When you reach the line that contains "进行了一次scanf并且只能输入正数,对比需要为负数才能cat flag 想到整数溢出", please begin copying, and carry on exactly to the last line of the material, leaving out every picture.

* [DATA SECTION]:
════════════════════

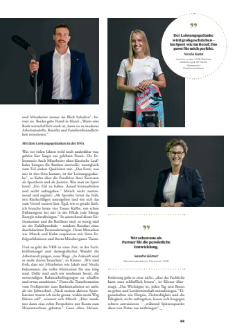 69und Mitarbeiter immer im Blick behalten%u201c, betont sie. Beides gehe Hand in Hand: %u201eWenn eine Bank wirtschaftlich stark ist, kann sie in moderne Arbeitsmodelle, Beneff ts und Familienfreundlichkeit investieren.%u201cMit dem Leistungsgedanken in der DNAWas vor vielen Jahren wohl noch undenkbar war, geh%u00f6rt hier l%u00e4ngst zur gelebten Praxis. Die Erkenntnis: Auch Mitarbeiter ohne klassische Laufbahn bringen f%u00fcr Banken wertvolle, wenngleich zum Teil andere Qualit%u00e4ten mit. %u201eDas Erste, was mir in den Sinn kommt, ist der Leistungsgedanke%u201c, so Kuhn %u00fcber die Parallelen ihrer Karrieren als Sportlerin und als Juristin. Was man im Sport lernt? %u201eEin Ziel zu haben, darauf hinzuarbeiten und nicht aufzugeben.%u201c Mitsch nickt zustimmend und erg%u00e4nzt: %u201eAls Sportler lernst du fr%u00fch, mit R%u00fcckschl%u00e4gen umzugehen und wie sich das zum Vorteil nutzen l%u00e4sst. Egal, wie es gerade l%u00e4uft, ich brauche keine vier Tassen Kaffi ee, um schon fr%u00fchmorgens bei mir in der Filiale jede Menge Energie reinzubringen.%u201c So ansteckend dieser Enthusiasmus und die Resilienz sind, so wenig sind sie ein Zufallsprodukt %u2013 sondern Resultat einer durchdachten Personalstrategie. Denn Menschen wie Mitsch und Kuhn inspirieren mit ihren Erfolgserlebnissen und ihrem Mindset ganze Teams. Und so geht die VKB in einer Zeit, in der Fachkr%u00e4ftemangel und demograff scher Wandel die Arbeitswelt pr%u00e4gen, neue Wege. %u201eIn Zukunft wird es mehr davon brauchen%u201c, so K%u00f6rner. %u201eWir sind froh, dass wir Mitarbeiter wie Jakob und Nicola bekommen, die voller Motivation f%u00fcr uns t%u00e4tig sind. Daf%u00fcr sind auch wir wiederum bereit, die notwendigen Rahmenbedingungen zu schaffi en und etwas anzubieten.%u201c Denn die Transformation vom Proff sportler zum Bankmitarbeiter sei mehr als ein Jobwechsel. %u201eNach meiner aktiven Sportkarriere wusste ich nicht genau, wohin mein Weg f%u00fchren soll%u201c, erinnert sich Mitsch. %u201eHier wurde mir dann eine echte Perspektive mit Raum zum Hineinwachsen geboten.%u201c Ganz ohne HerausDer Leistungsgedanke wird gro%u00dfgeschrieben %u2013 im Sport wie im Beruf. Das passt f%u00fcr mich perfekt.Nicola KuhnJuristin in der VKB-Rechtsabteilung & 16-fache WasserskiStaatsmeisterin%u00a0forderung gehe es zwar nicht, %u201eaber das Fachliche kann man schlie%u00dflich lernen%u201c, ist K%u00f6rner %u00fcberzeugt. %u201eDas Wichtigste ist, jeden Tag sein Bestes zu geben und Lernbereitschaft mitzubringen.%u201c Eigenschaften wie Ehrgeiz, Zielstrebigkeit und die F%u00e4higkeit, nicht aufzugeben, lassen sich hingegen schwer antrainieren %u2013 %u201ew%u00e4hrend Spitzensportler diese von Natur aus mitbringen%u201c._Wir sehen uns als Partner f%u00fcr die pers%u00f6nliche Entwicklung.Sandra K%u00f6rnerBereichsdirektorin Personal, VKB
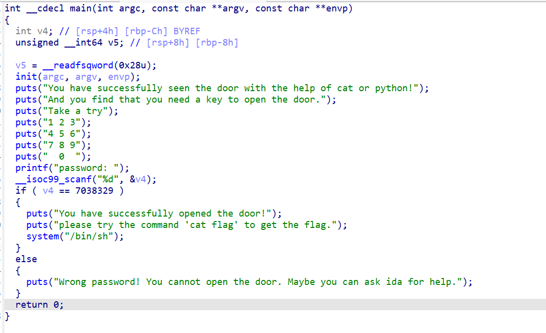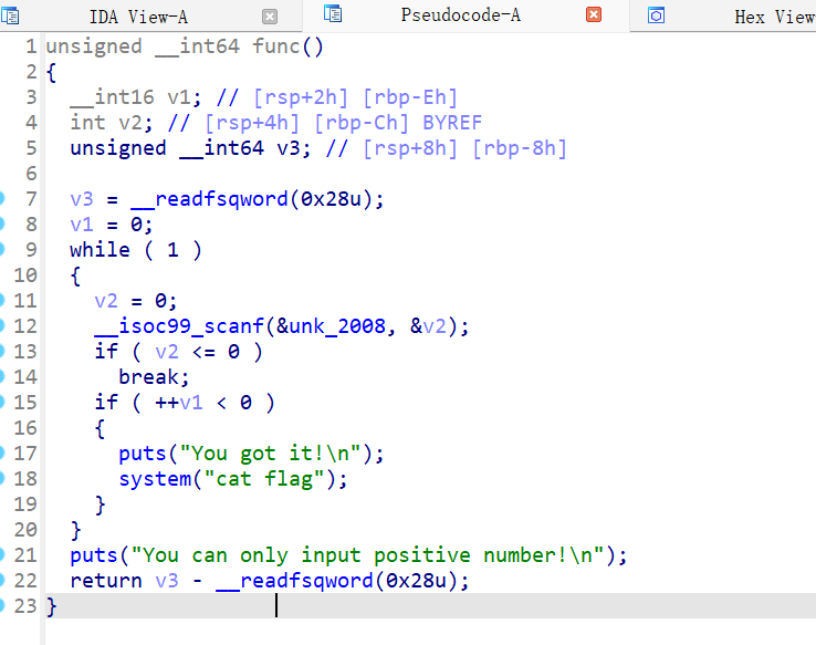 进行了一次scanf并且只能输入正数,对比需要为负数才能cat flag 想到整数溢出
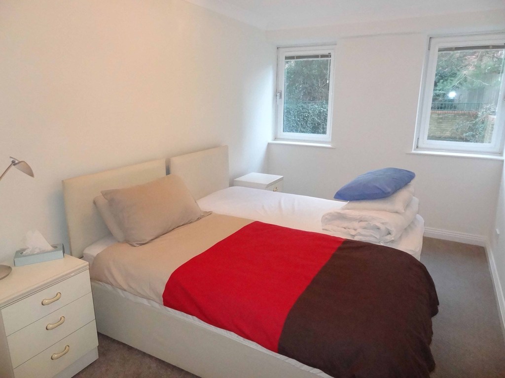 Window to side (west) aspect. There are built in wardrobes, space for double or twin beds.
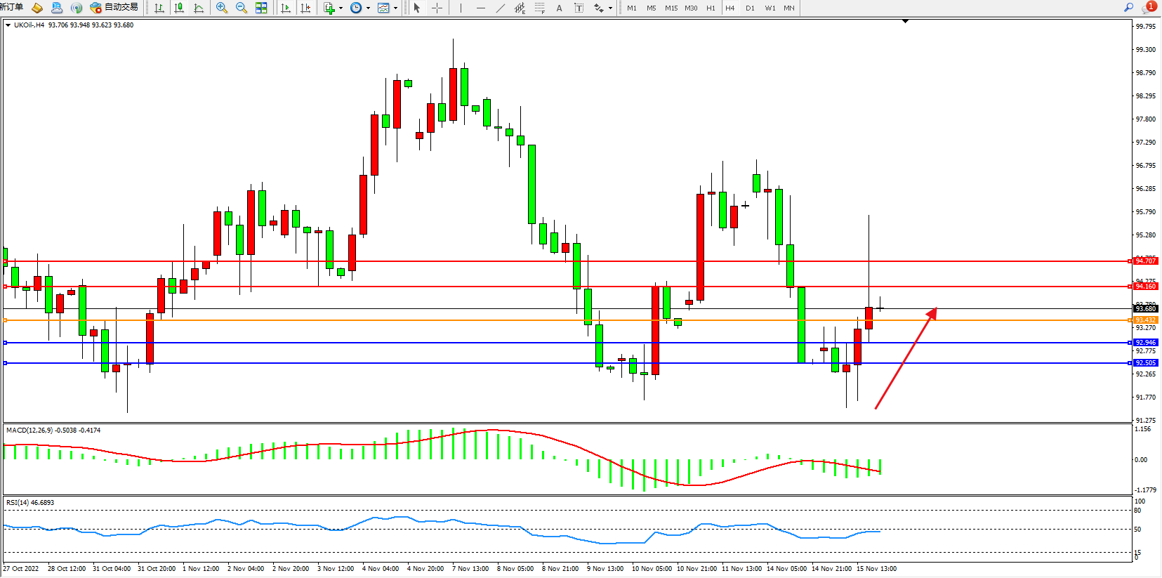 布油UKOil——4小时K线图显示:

════════════════════

* [RESULT FOR THIS EXERCISE]:
 进行了一次scanf并且只能输入正数,对比需要为负数才能cat flag 想到整数溢出
 Window to side (west) aspect. There are built in wardrobes, space for double or twin beds.
 布油UKOil——4小时K线图显示:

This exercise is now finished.